* [Provided data]:
=== Begin Enclosure ===
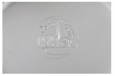 J-Slot 7" air cleaner features detailed embossed 1940 "New York World's Fair" logo on cover.
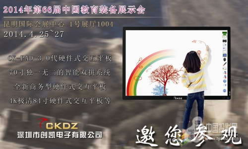 2014年4月25日至27日,第66屆中國教育裝備展示會即將在昆明國際會展中心揭幕。深耕教育領(lǐng)域多年的視聽行業(yè)圖形圖像控制器專家深圳市創(chuàng)凱電子有限公司屆時將出席展會,并帶來公司旗下最新的交互式平板等新品。
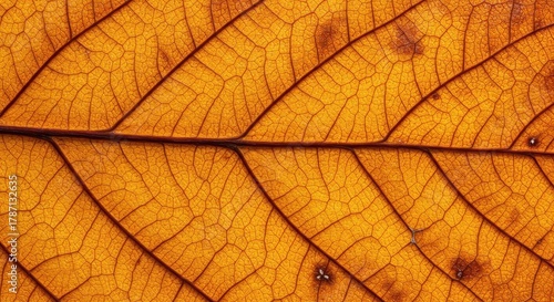 Detailed close-up of a decaying orange autumn leaf showing the intricate network of veins and textures of the seasonal transition ,organic ,change ,network
=== End Enclosure ===
* [Exercise directions]:
Repeat the data word for word, minus any pictures.

* [Output for this exercise]:
 J-Slot 7" air cleaner features detailed embossed 1940 "New York World's Fair" logo on cover.
 2014年4月25日至27日,第66屆中國教育裝備展示會即將在昆明國際會展中心揭幕。深耕教育領(lǐng)域多年的視聽行業(yè)圖形圖像控制器專家深圳市創(chuàng)凱電子有限公司屆時將出席展會,并帶來公司旗下最新的交互式平板等新品。
 Detailed close-up of a decaying orange autumn leaf showing the intricate network of veins and textures of the seasonal transition ,organic ,change ,network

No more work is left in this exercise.